**Action item:** Would you print the lines below exactly, beginning at the line that has "Code No. 642 SOFT FACE Mallet HAMMER" and stopping after the line that has "Naomi Osaka of"? Only those lines, and no pictures.

**Recorded data:**
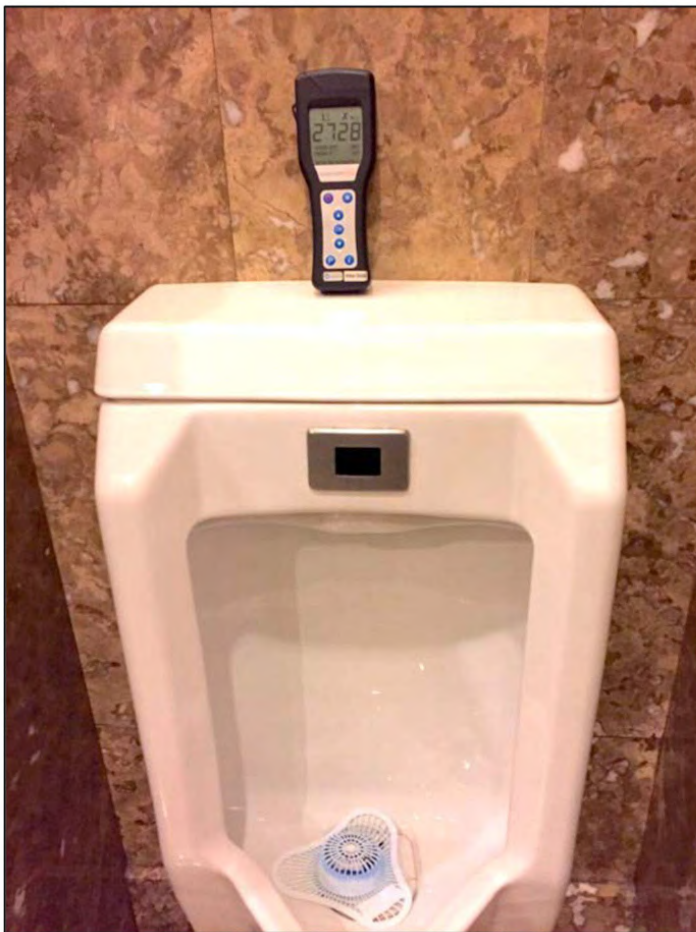
BEFORE APPLYING OZONE WATER THE BACTERIA COUNT WAS 2728
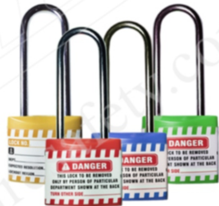
Padlock Regular Shackle 20mm (LS-LC43)
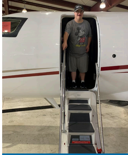
Adults enjoying a fun day at the Johnson County Airport
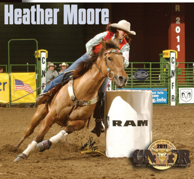
2011 College National Finals Men's and Women's Teams
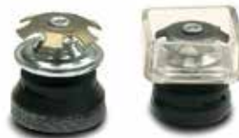
Solo Glide Apollo Banquet and Restaurant Glides
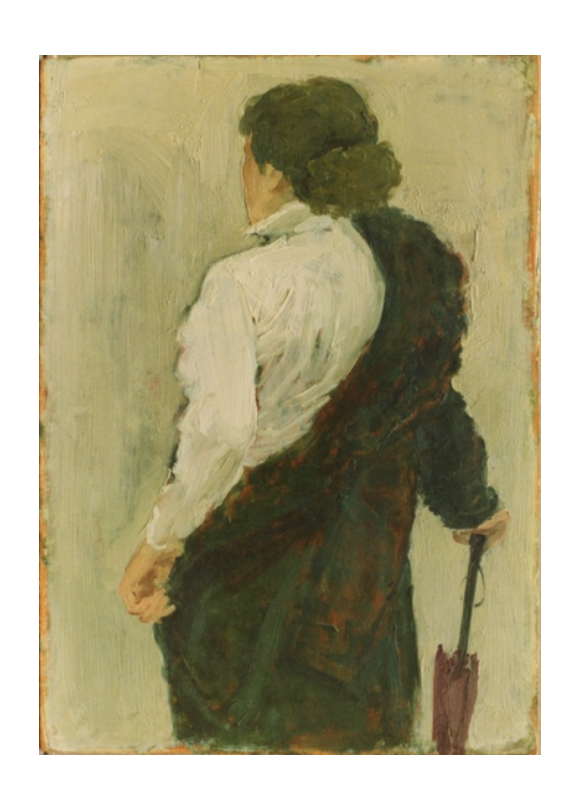
The Fur Collared Coat Oil on wood, 12 1/2 x 9 inches Painted about 1967 Y-80 / DLA-6322
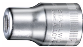
13180010 Bit holder
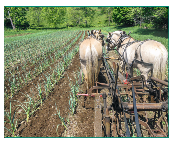
Figure 13 – Cultivating garlic with a team of Fjords at Cedar Mountain Farm

Stephen Leslie is a co-owner of Cedar Mountain Farm and Cobb Hill Cheese, located in Hartland, VT. The farm produces milk, beef, mixed vegetables, and compost.
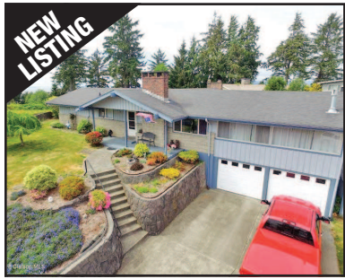
76 Skyline Ave., Astoria $485,000
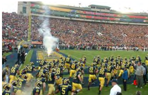
20 Rose Bowl Appearances The most of any Big Ten Conference school and the second-most all-time by any school
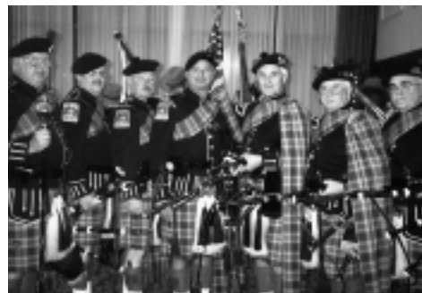
State Police Pipes and Drums Popular Group
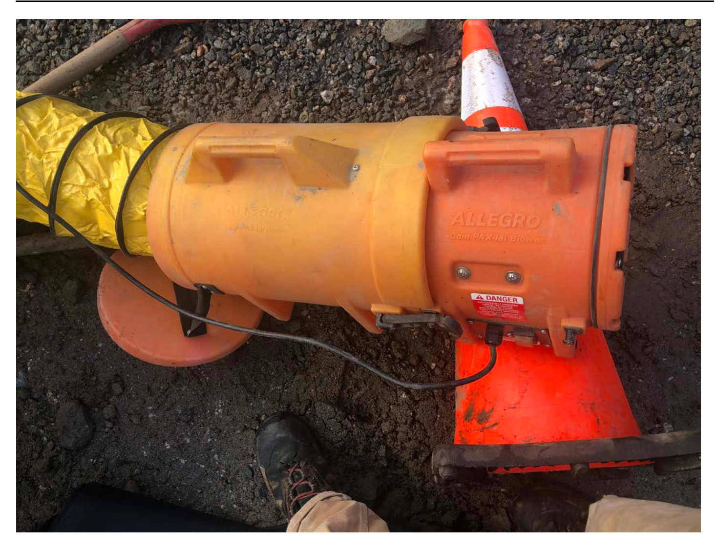
Picture 2: The blower Ludlow used to evacuate air from the catch basin while performing the confined space entry. North side of the shared access road at Station 14+40. Middletown, CT.
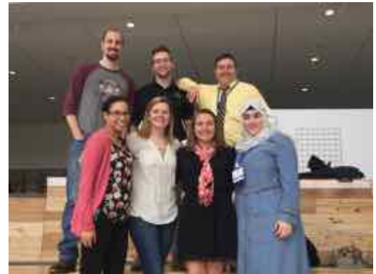
Left: Public Health alumni and current students met for professional development and networking.
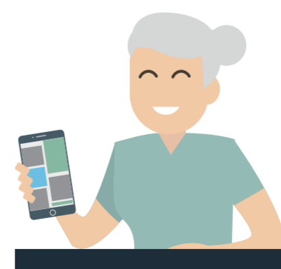
S.U.R.E. for Life
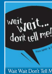
Wait Wait Don't Tell Me
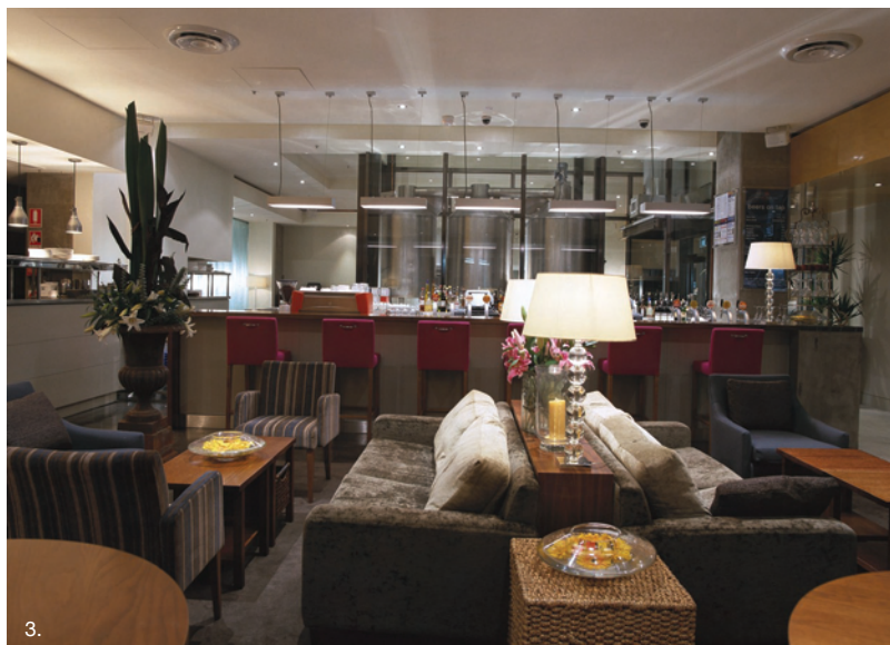
1&3. Ground floor bar 2. Level 1 lounge 4. Private dining room

Three Degrees is a new city pub at the heart of the QV development in Melbourne's CBD. The design incorporates a micro-brewery and is a destination for both workers and residents in the central city. Located over two levels, the venue enjoys a frontage to the QV central square with an upper level terrace overlooking the activity below. The pub also caters for dining, either through a series of informal spaces or through private rooms suited to corporate occasions.
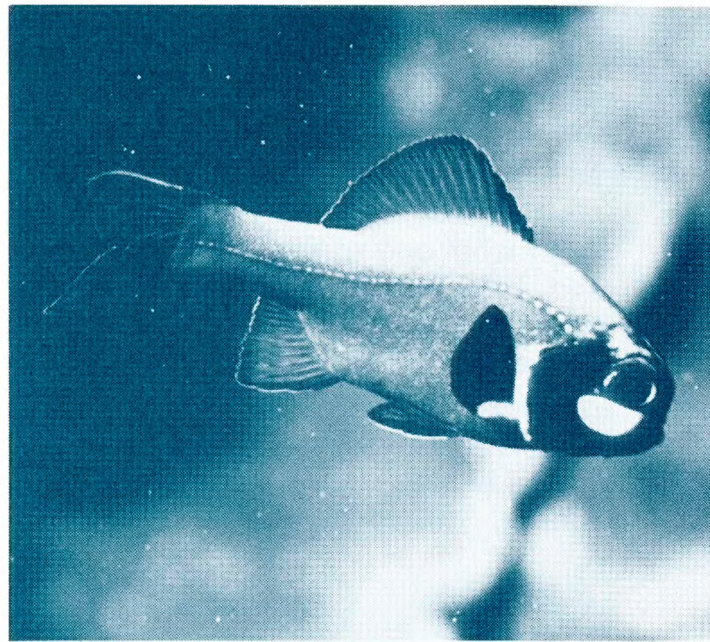
Photoblepharon from first expedition
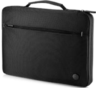
HP 13.3 Business Sleeve 2UW00AA
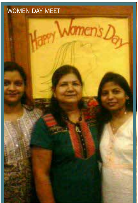
WOMEN DAY MEET
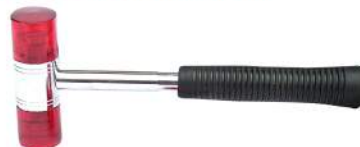
Code No. 642 SOFT FACE Mallet HAMMER
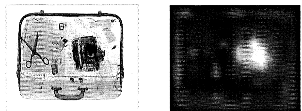
Fig. 3. Example of an X-ray luggage image (left) and its generated saliency map (right).

For each of the 30 X-ray luggage images a visual saliency map was calculated. Then the mean saliency at the first fixation location of each participant for all images was found. The saliency at the first fixation location of screeners and naïve observers was 137 and 140, respectively. The difference was not significant, t(14) < 1 .
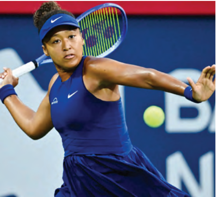
Naomi Osaka of Japan plays a forehand against Elina Svitolina of Ukraine

Four-time Grand Slam champion Naomi Osaka and Canadian teen sensation Victoria Mboko booked a championship showdown with gritty semi-final wins on Wednesday in the WTA Canadian Open in Montreal. Japan's Osaka, chasing her first tour-level title since the 2021 Australian Open, saved a pair of set points in the second-set tiebreaker to polish off a 6-2, 7-6 (9/7) victory over Denmark's Clara Tauson -- who was coming off victories over Wimbledon champion Iga Swiatek and Australian Open winner Madison Keys. Mboko saved a match point in a thrilling 1-6, 7-5, 7-6 (7/4) victory over former Wimbledon champion Elena Rybakina. The 18-year-old wild card fed off the energy of the crowd, crediting ecstatic supporters with carrying her through after a tumble left her with a sore right wrist in the third set of her first tour-level semi-final.
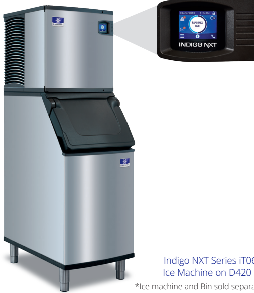
Indigo NXT Series iT0620 Ice Machine on D420 Bin
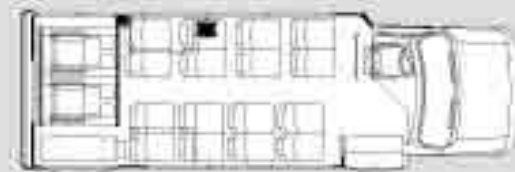
16 Passenger - 2 Wheelchairs - Rear Lift
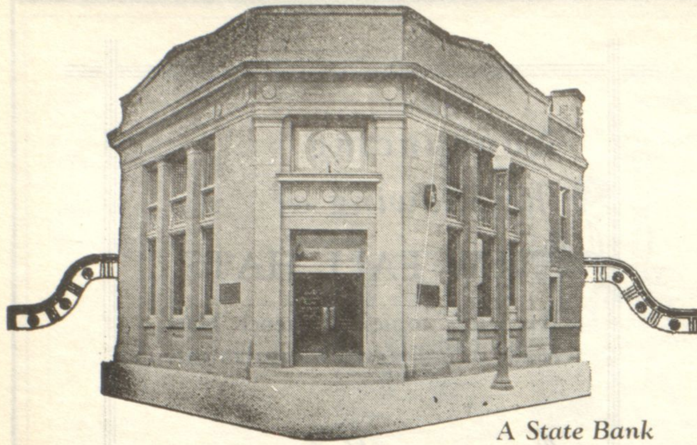
A State Bank
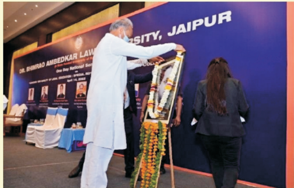
Shri Ashok Gehlot, Hon'ble Chief Minister of Rajasthan, offering Floral Tribute to Dr. Bhimrao Ambedkar.
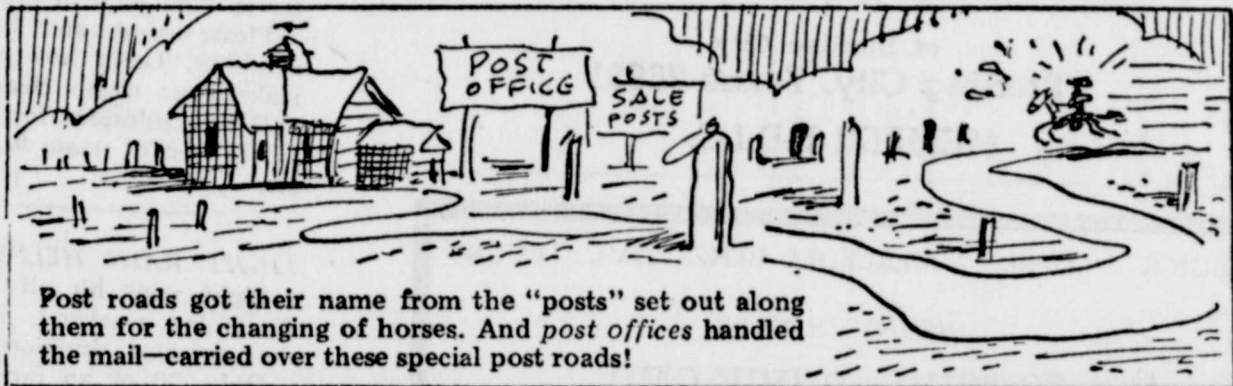
Post roads got their name from the "posts" set out along them for the changing of horses. And post offices handled the mail—carried over these special post roads!
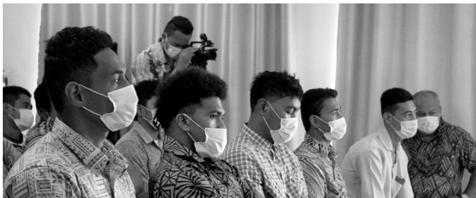
Fanau a le atunu'u ua maua avanoa faigaluega i va'ameli ma va'a la'uoloa i atunu'u i fafo

O ia avanoa faigaluega, o se fesoasoani tele i le tamā'āiga o Samoa aemaise le tausiga o 'āiga ma le tautuaina o nu'u ma ekalesia.
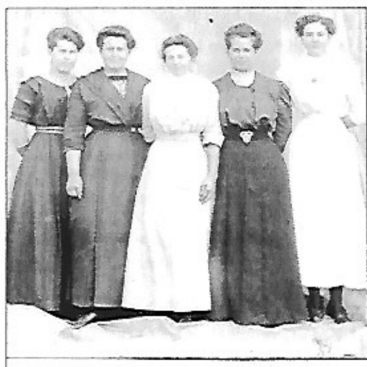
The Zahn Daughters
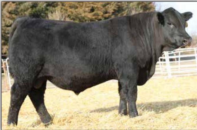
Koupals B&B Stellar 1114 - Lot 113

• Out of heifer. Bull had 99BR,102 WR, 104 YR. Well balanced numbers.
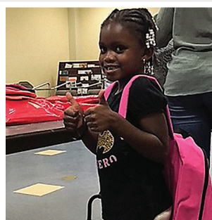
▲ New backpack filled with school supplies, compliments of NMAC.

The North Manhattan Alumnae Chapter (NMAC) of Delta Sigma Theta Sorority, Inc. was awarded a 2016-2017 Community Empowerment Grant to support its Annual Health Fair and “Backpack Jam” held in the fall of 2016 at the J. Hood Wright Park, New York, NY. The community outreach program not only offered backpacks filled with school supplies to students under age 18, but also served as a resource fair. Health screenings and voter registration were offered at the event along with healthy snacks, salsa dancing, games and music. Students and their parents also visited the health exhibitions, learned about the value of good nutrition, and attended the technology workshop.
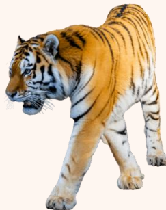
lǎo hǔ 老虎 Tiger
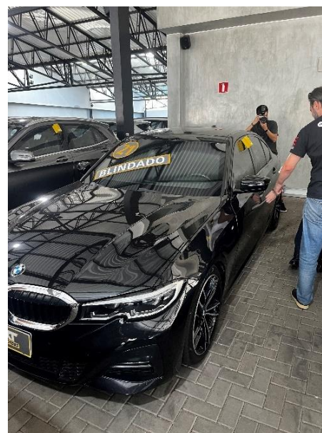
Webmotors' Head Office (within Santander's Head Office) and Next Motors, a Sao Paulo dealership.
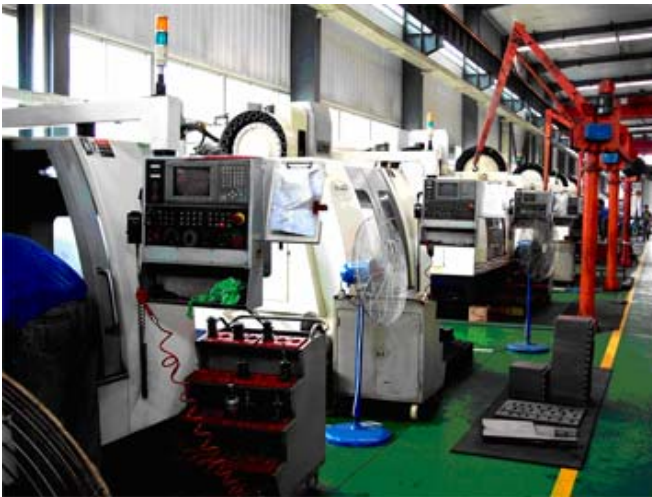
Vertical Machining Center

PGL is pleased to announce its participation and exclusive USA representation for two great machining shops. These shops have approximately 2,000 employees and combined shop floor space of over 450,000 sq. ft. They have been making parts and assemblies for companies like Airbus, General Electric, Caterpillar and many other world class manufacturers. PGL is making this capability available to companies in the United States through our exclusive arrangement. Our shops can serve you whether you are looking for quality parts for production, or replacement parts for your MRO needs. PGL is headquartered in Cleveland, Ohio; and is your “one stop” choice for all your machined parts.
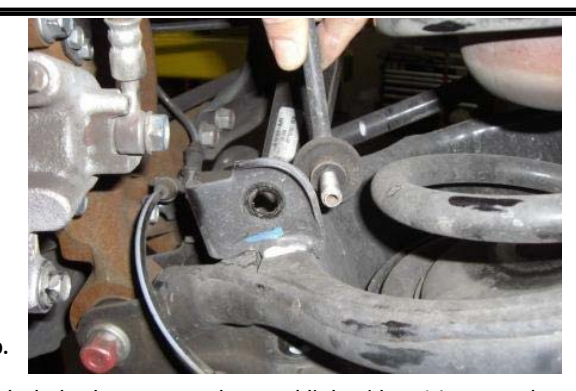
Unbolt the lower sway bar end link with a 14mm socket.
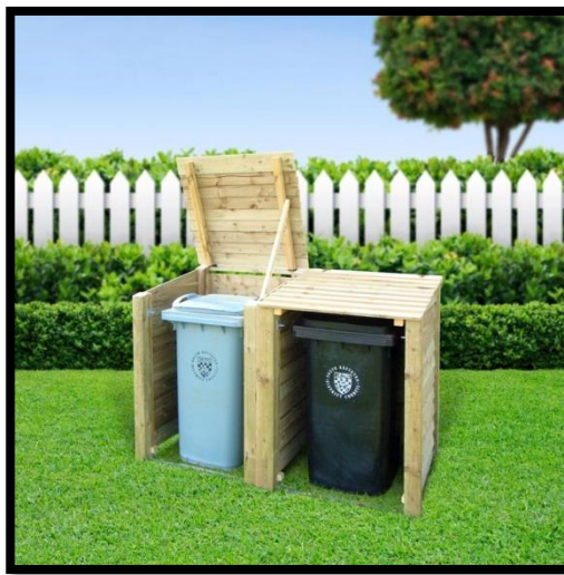
MORCOTT WHEELIE BIN STORAGE UNIT

Electric screwdriver with No2 Pozidrive bit Or No2 Pozidrive Screwdriver
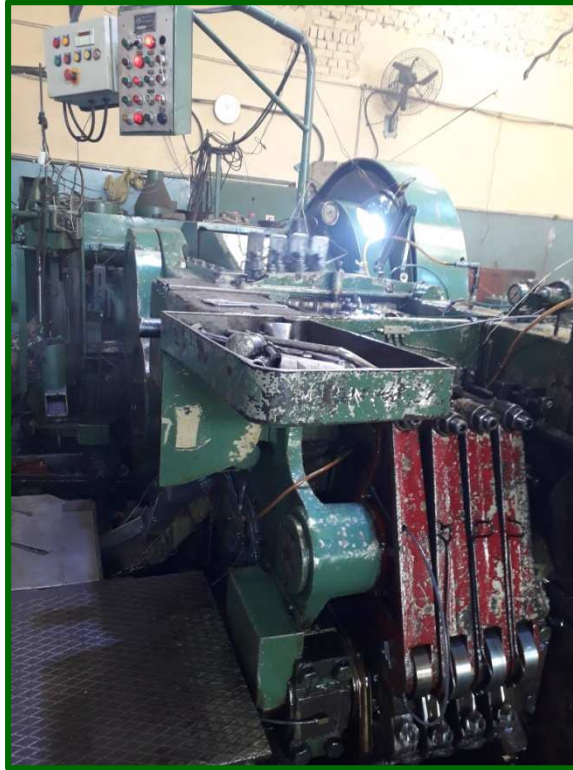
5 Station, 4 die, Bolt Former Make: Nedschroef, Belgium
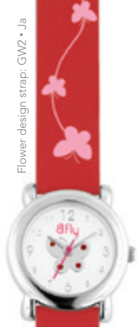
Flower design strap: GW2 • Ja
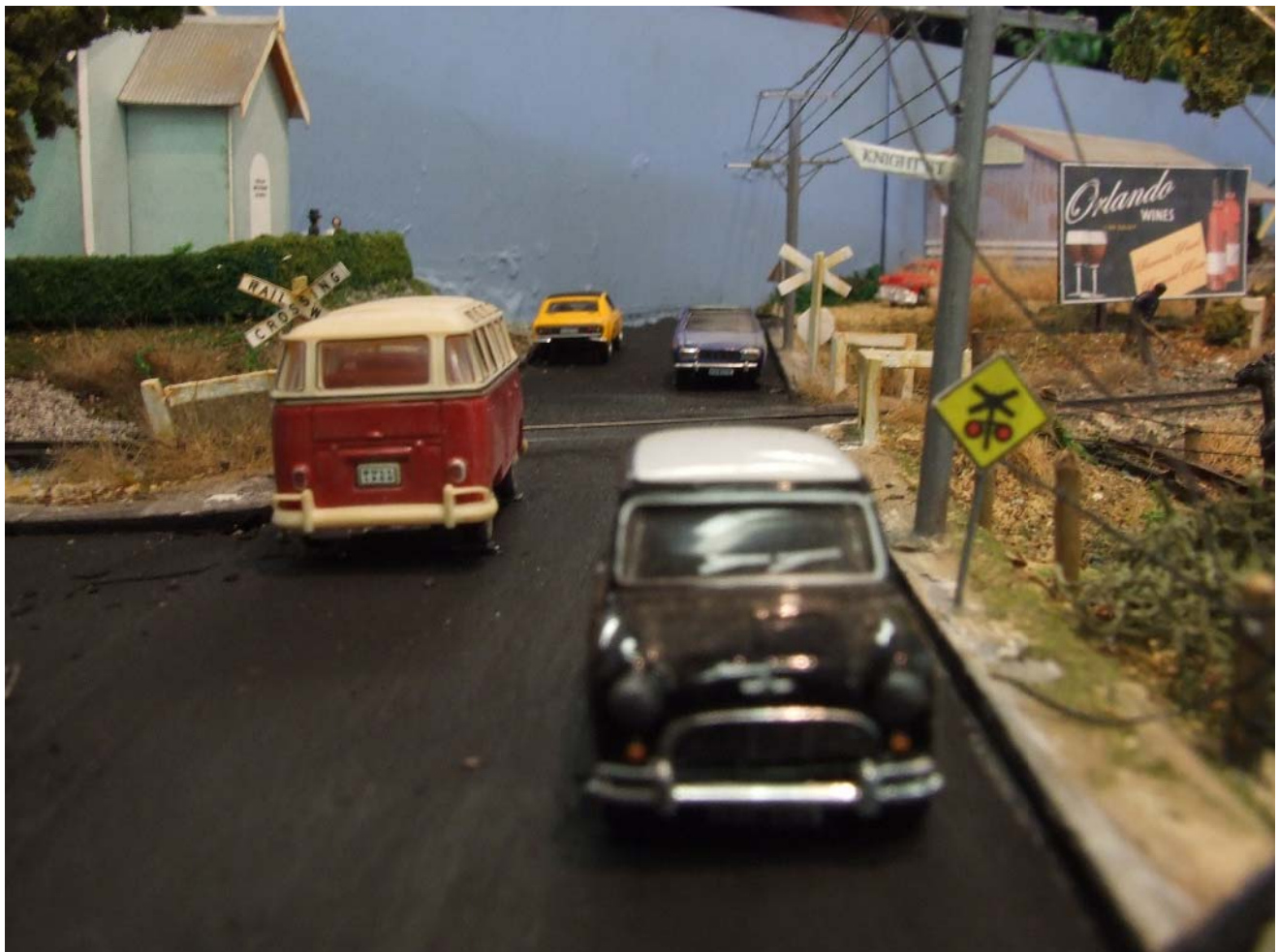
Below: A scene from Liralau, winner of the Best Display as voted by peers

Send items for inclusion in this newsletter to the Editor via e-mail at admin@noarail.com This newsletter is available as a download from our website (address above) saving the club postage and printing, most pictures are in colour. Notification is sent by email when it is available for download.

**Task response:**
Code No. 642 SOFT FACE Mallet HAMMER
Fig. 3. Example of an X-ray luggage image (left) and its generated saliency map (right).

For each of the 30 X-ray luggage images a visual saliency map was calculated. Then the mean saliency at the first fixation location of each participant for all images was found. The saliency at the first fixation location of screeners and naïve observers was 137 and 140, respectively. The difference was not significant, t(14) < 1 .
Naomi Osaka of Japan plays a forehand against Elina Svitolina of Ukraine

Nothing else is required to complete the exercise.